We stop at Kalgoorlie (population: 31,000) at 10.45pm. Coaches take us past darkened sights including a vast working mine; gold was discovered here in 1893. The town has a frontier feel. A guide points out a Woolworths that has the biggest takings in Australia (gold miners have plenty of cash to spend).
I sleep well, to the rhythm of the tracks, and wake to see copper-gold light illuminating wispy clouds above gum trees and dried-out river beds.By mid-morning, the Indian Pacific draws to a halt at Cook (population: four) and I spot a sign saying: 'If you're crook, come to Cook, Queen City of the Nullarbor.' Crook, of course, is slang for 'ill' in Australia, while the Nullarbor Plain is a region that boasts a wild and rugged landscape. A 297-mile section of track running through it is the world's longest straight stretch. Cook is an outpost of rundown buildings. However, it's a good place to stretch our legs.

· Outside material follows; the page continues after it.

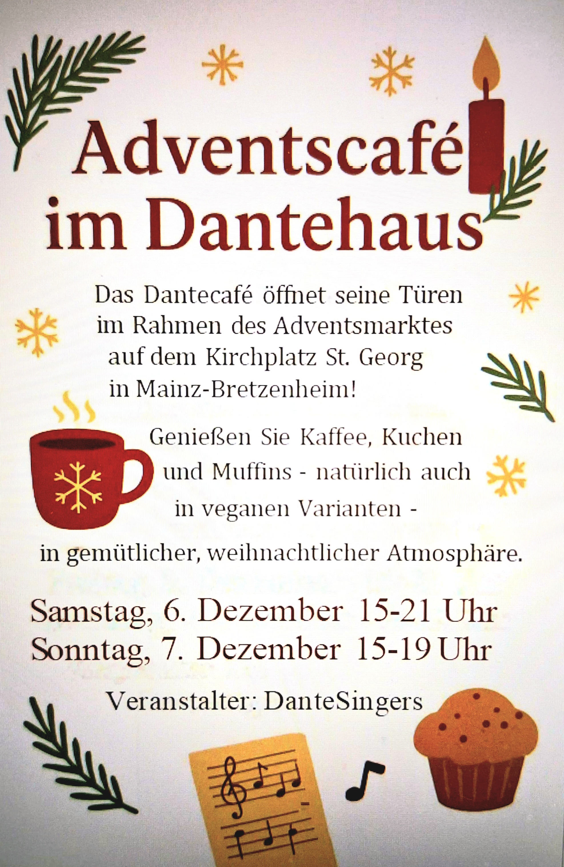 Wir laden herzlich ein zum Adventscafé im Dantehaus im Rahmen des Adventsmarktes auf dem Kirchplatz St. Georg in Mainz-Bretzenheim.

Early next morning we pull into Adelaide, and passengers join coach tours of the South Australian city. We are taken to Mount Lofty, though it's shrouded in cloud. We see the Adelaide Oval, where there's a statue of cricket legend Sir Don Bradman.
Back at Adelaide Parklands Terminal I buy a battery-powered beer-bottle cooler that makes train sounds when lifted.
Now I have to switch to red class, towards the front of the train. It comprises 48 seats that look as though they belong in a plane's business-class, but filled with backpackers and retirees.
Our duty manager recommends the breakfasts that he personally cooks. 'I've had phone calls from Gordon Ramsay and Jamie Oliver saying, "I've heard about your breakfasts". I reply, "No, I can't come to work for you. I want the twenty bucks an hour Great Southern Rail is paying me".' Not far out of Adelaide, I glimpse my first and only kangaroos, far in the distance. I also spot an eagle high above.
That evening we reach Broken Hill, a lead and zinc mining town, and I make my way to the Palace Hotel. The venue featured in the 1994 film The Adventures Of Priscilla, Queen Of The Desert, about the unlikely subject of drag queens in the Outback.
I discover a reception area with bright murals, stuffed birds and cabinets displaying leopard-print high heels. On the wall is an advert for the Broken Heel Festival. Its motto? 'Life in the Outback is never a drag.' Back on the train, we clatter through the night and wake to see cows munching grass in the foothills of the Blue Mountains. I eat our carriage manager's Gordon Ramsay-quality breakfast and sit back as we snake into Sydney's Grand Central station. We're a mere 13 minutes late - not bad when you've just covered 2,700 miles.